Your task is to transcribe the lines from the start of the data below through the line containing "Pure Cinon Silk", inclusive, exactly as they stand and without the pictures.

*** Opening of RECORD SET ***

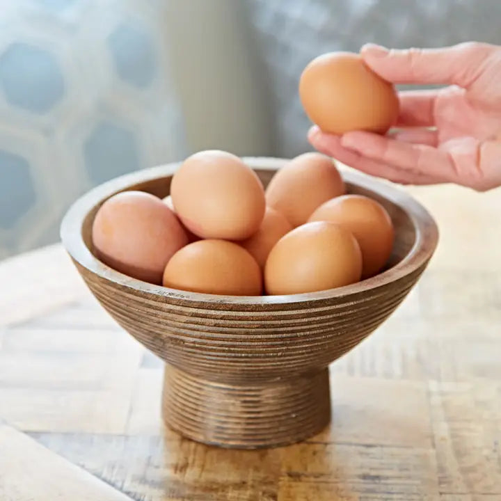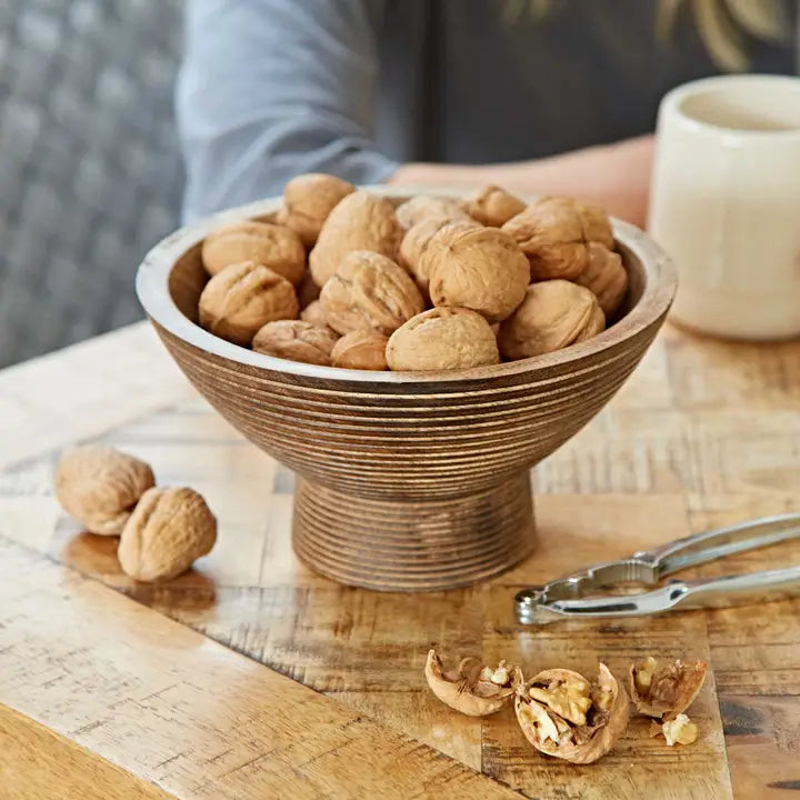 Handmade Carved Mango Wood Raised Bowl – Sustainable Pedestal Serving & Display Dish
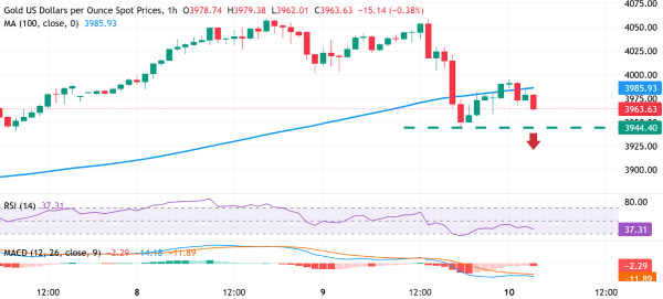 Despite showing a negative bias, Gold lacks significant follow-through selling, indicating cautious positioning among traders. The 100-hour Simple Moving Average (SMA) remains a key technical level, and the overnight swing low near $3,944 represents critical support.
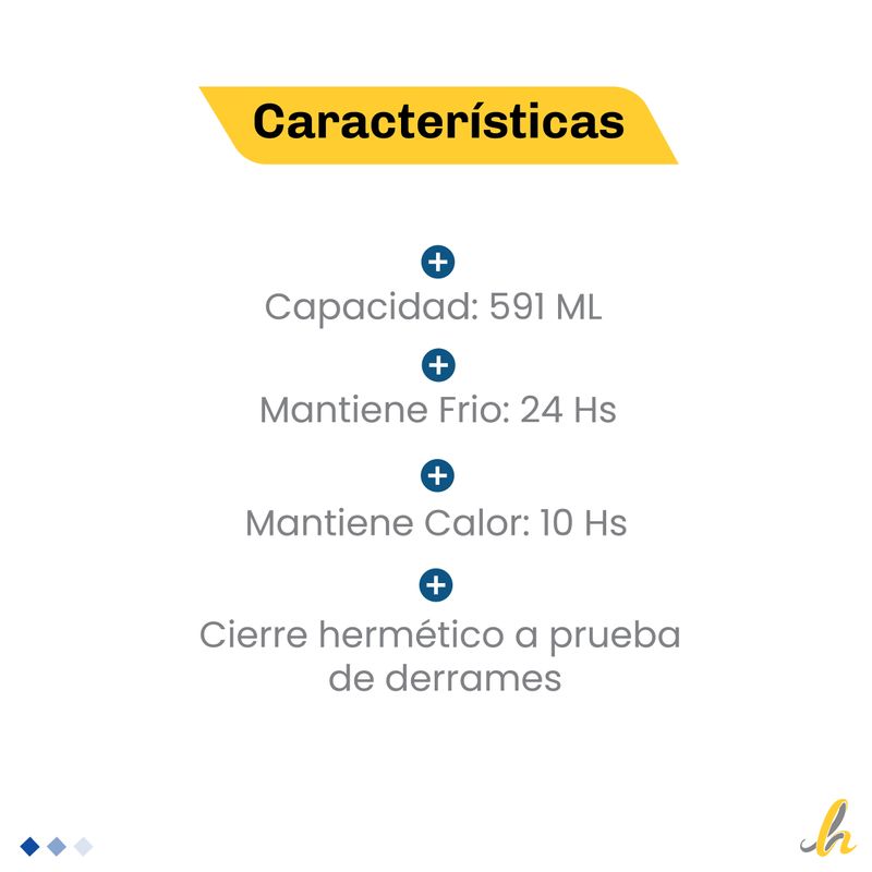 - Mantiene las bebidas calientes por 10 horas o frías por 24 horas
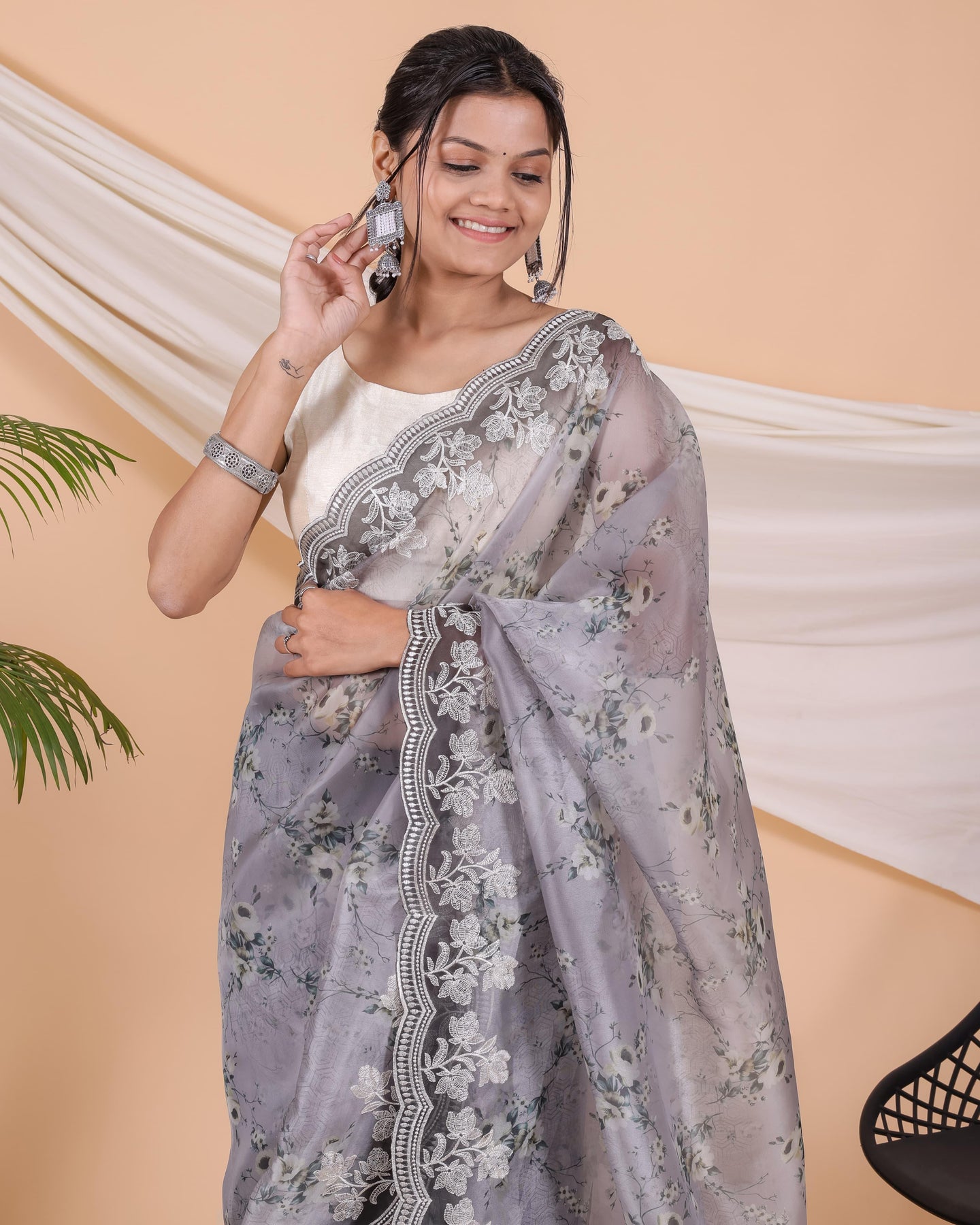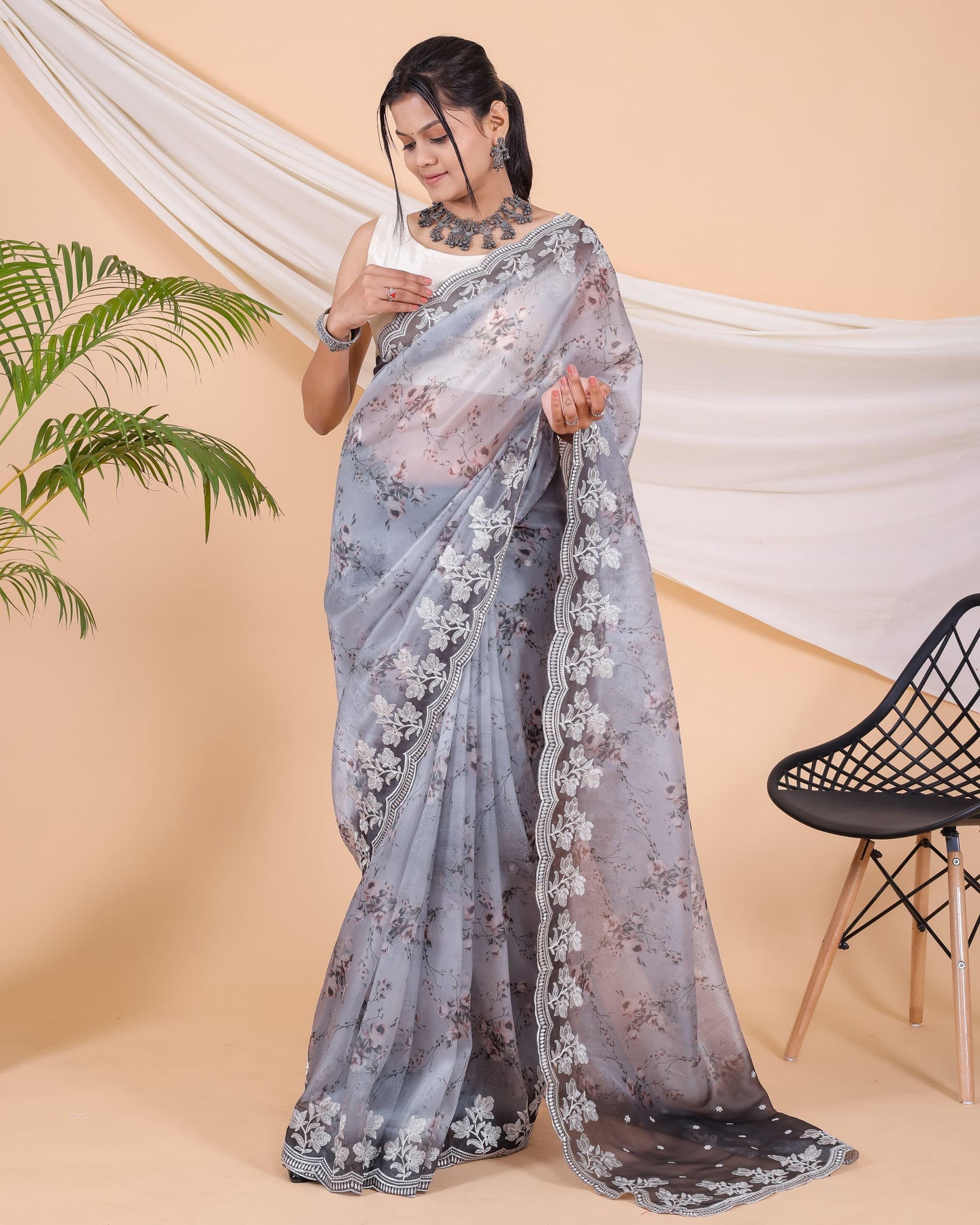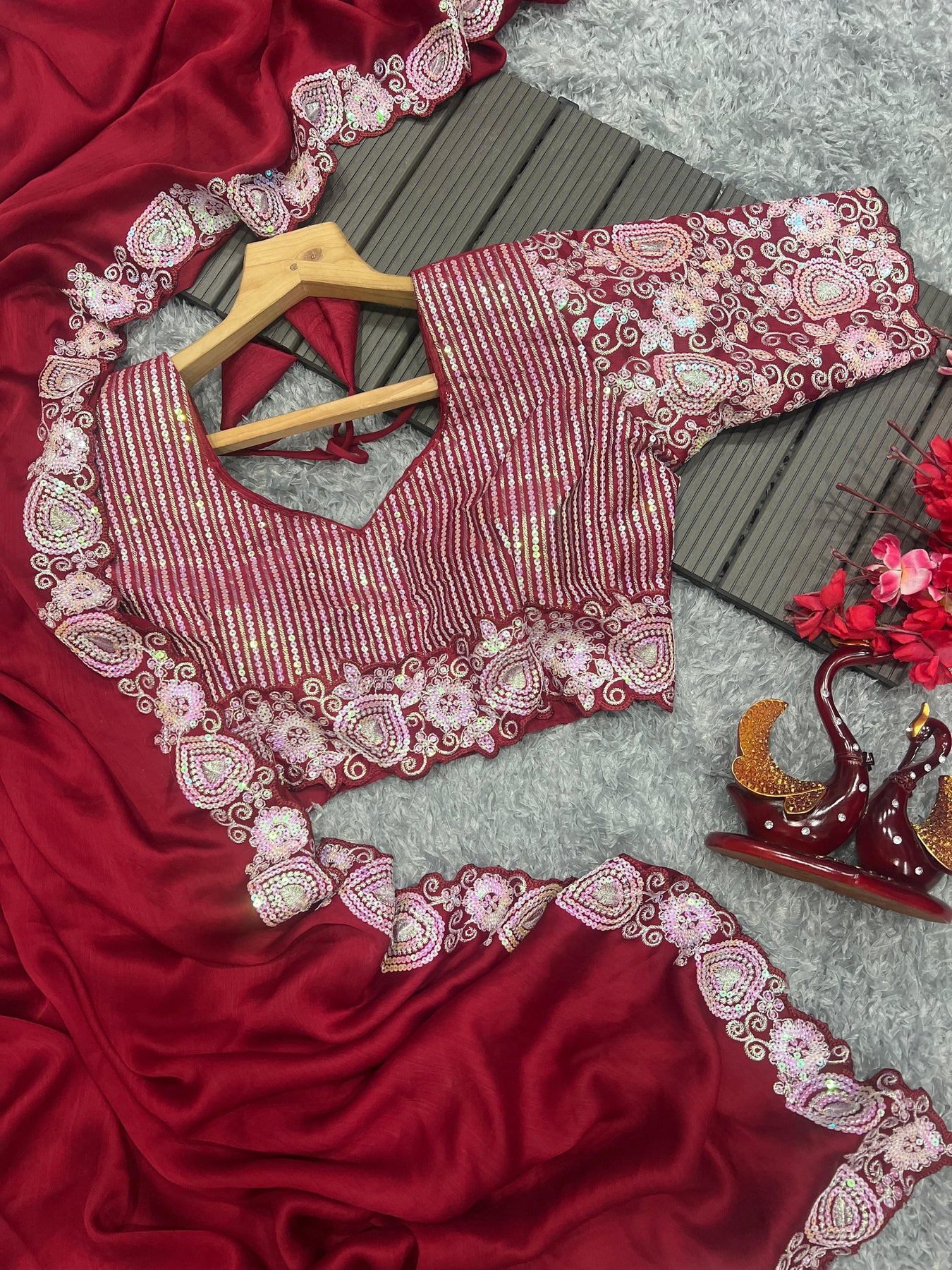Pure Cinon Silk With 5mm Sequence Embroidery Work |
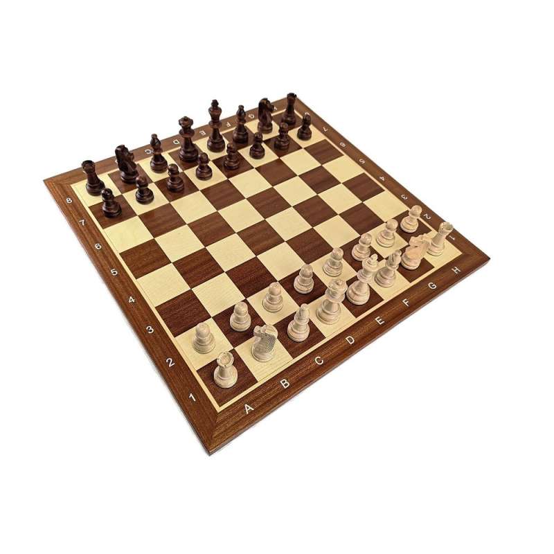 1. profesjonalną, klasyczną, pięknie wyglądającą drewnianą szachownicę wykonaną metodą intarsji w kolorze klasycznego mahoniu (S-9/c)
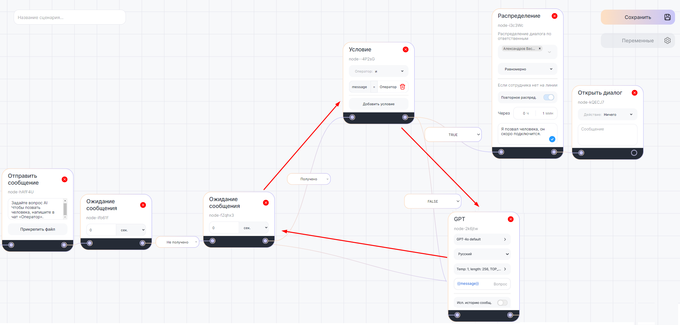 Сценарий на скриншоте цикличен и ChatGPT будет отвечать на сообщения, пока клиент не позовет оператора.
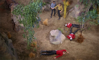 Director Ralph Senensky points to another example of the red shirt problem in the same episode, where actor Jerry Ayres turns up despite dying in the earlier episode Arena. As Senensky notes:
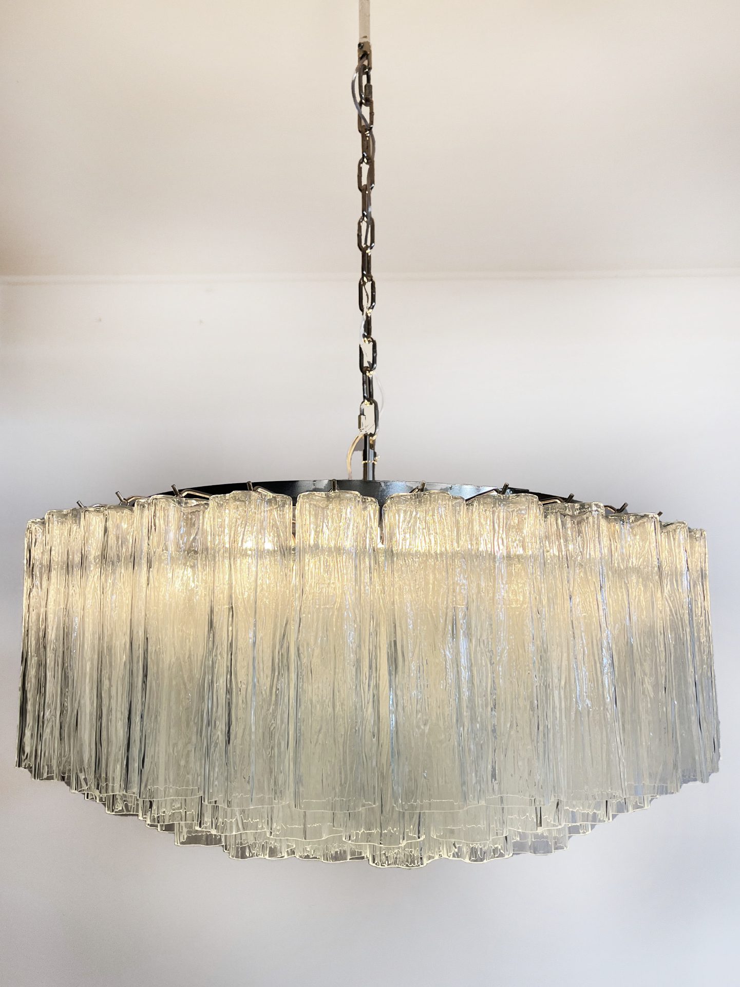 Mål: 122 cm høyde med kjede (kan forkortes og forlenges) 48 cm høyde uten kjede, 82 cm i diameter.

*** Close of RECORD SET ***

## REPLY TO THE EXERCISE:
 Handmade Carved Mango Wood Raised Bowl – Sustainable Pedestal Serving & Display Dish
 Despite showing a negative bias, Gold lacks significant follow-through selling, indicating cautious positioning among traders. The 100-hour Simple Moving Average (SMA) remains a key technical level, and the overnight swing low near $3,944 represents critical support.
 - Mantiene las bebidas calientes por 10 horas o frías por 24 horas
Pure Cinon Silk With 5mm Sequence Embroidery Work |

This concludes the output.